There would be challenges to expanding the role of co-ops in the implementation of the SDS. Saskatchewan’s disability sector is in chronic competition for scarce resources, so the environment may not be receptive to a shift of support or to the development of new co-ops. Nor should we assume that current disability co-ops have the capacity or interest to take on a more significant role. Furthermore, co-ops themselves face internal challenges. An individual co-op member has only limited influence, so he or she will not experience self-determination if most members prefer something that person does not. Member engagement is also an issue. Educating oneself on particular matters and making the effort to have one’s voice heard may be too burdensome or lacking in interest for members of any co-op. Co-operating itself can also be difficult. When something is easily available through the effort of others, it can be tempting to take advantage without contributing any effort yourself. All of these concerns would have to be identified and addressed if the co-op model is to become a successful aspect of SDS implementation.

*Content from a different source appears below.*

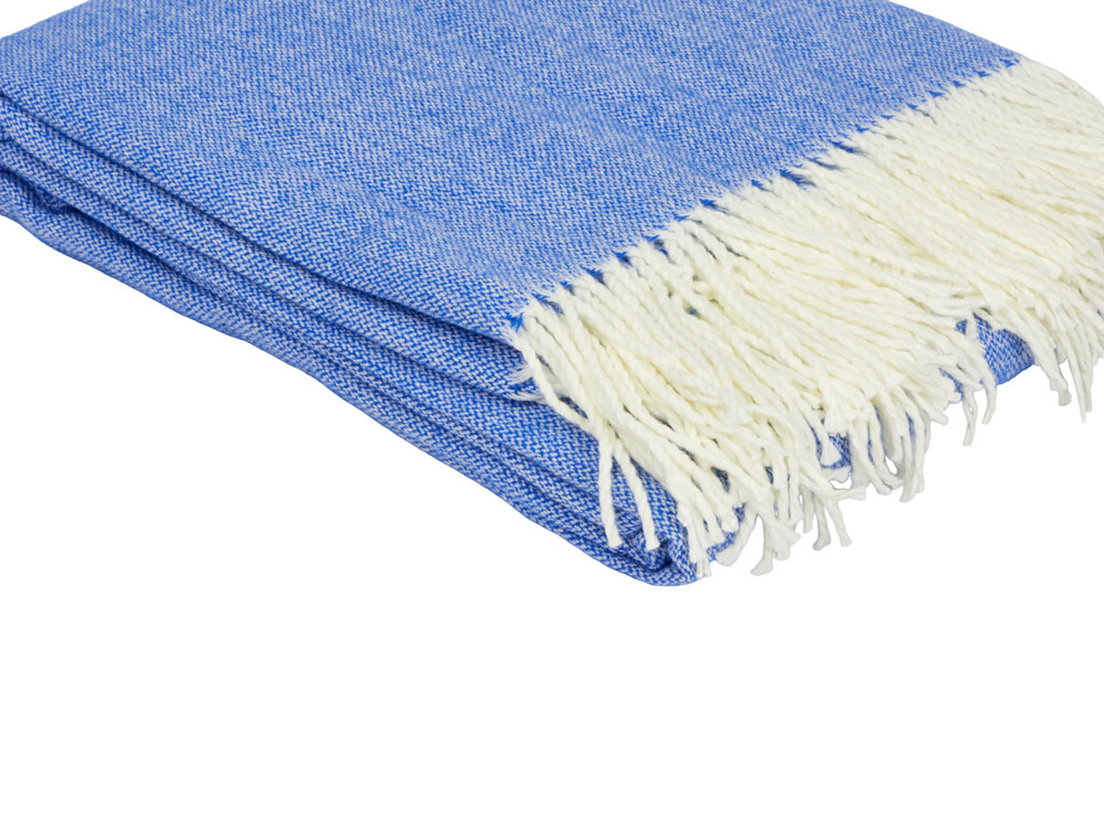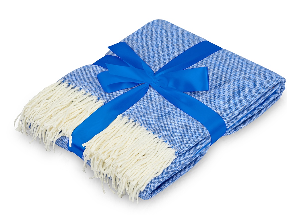 Большой размер этого мягкого плотного пледа позволяет использовать его как одеяло и как покрывало для вашего интерьера. По бокам плед украшен бахромой. В комплекте идет упаковочная синяя лента, на которой можно сделать нанесение вашего логотипа.

However, these challenges are not insurmountable. Co-operatives and social economy organizations around the world have been successfully addressing these issues for nearly two hundred years. Moreover, there is a desire in the disability sector for meaningful change and collaboration; framed in this light, the sector might be willing to accept a more prominent role for co-ops. As noted, co-operatives are likely to provide more self-determination than other organizational models. All organizations must make choices about what services to offer; those selected by a co-operative are likely to be different precisely because members have an opportunity to directly participate in decision making.
Disability support is an important and complex issue. The SDS addresses it with a list of ambitious recommendations, one of which advocates collective implementation by a range of stakeholder groups including government, community-based organizations, and the private sector, among others. Co-operatives, as mentioned, are not explicitly considered. Since the implementation of the SDS has been delayed, there is still time to incorporate co-ops into the strategy. The co-op model would enable people with disabilities to experience self-determination — a key SDS theme — through member ownership and control. Although few in number, disability co-ops are already well established in Saskatchewan, and challenges to increasing their prominence are not, apparently, overwhelming.

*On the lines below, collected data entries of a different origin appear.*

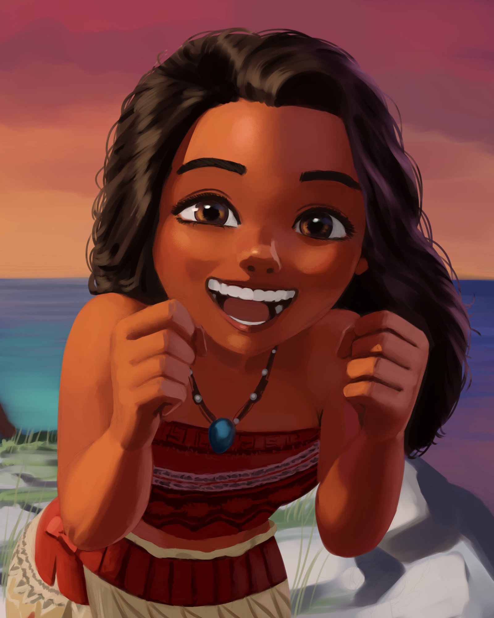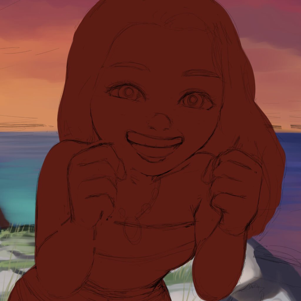 All right, for the first stage of rendering the artwork, I added some basic colors for her, based on the reference pictures I looked from Moana and painted some shades and bright areas just to have an idea of how it would look. So, for this painting, I only looked for references to have an idea of her features, but I didn’t have any references for the background, lights or her pose, so I had to do some experimentations here. One thing that really helps me to find the “atmosphere” from my paintings, is actually painting the background or at least the base colors for the background first. With that, I can find the colors I am trying to imagine for her easier, since some of the colors on her must reflect her surroundings, to make the “atmosphere” work and looking like she belongs there.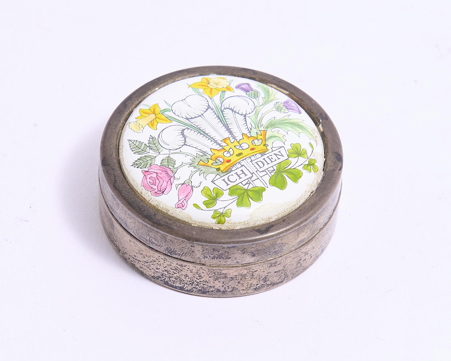 A STERLING SILVER AND PORCELAIN PILL BOX COMMEMORATING THE MARRIAGE OF PRINCE CHARLES AND LADY DIANA SPENCER, LTD EDITION DIA.5CM, LEONARD JOEL LOCAL DELIVERY: SMALL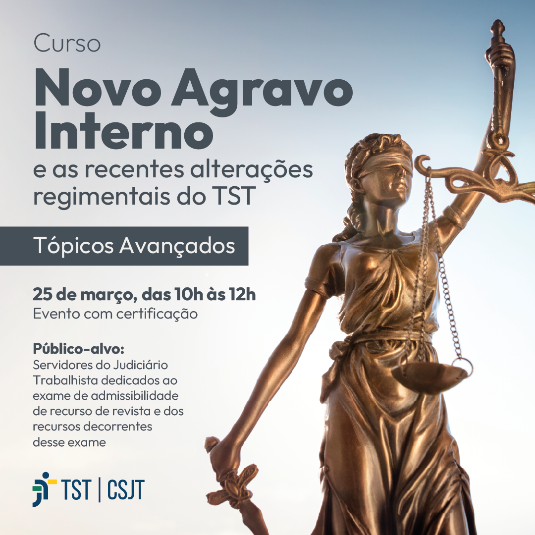 O Conselho Superior da Justiça do Trabalho (CSJT) promoverá o Webinário “Novo” Agravo Interno e as Recentes Alterações Regimentais do TST - Tópicos Avançados.

Canada has a history of marginalizing people with disabilities, but for the first time, real efforts are being made to truly include them in all levels of society. It is a major paradigm shift with substantial implementation challenges because of the diversity of disabilities, their associated needs, and the scope of intervention required. If we are to maintain the momentum of these efforts, we must recognize that the co-operative model has significant potential to help people with disabilities achieve the self-determination so critical to their participation as full, autonomous members of society.
Victoria Taras is a PhD candidate in the Johnson Shoyama Graduate School of Public Policy at the University of Saskatchewan. Her dissertation is on the social economy of disability policy implementation.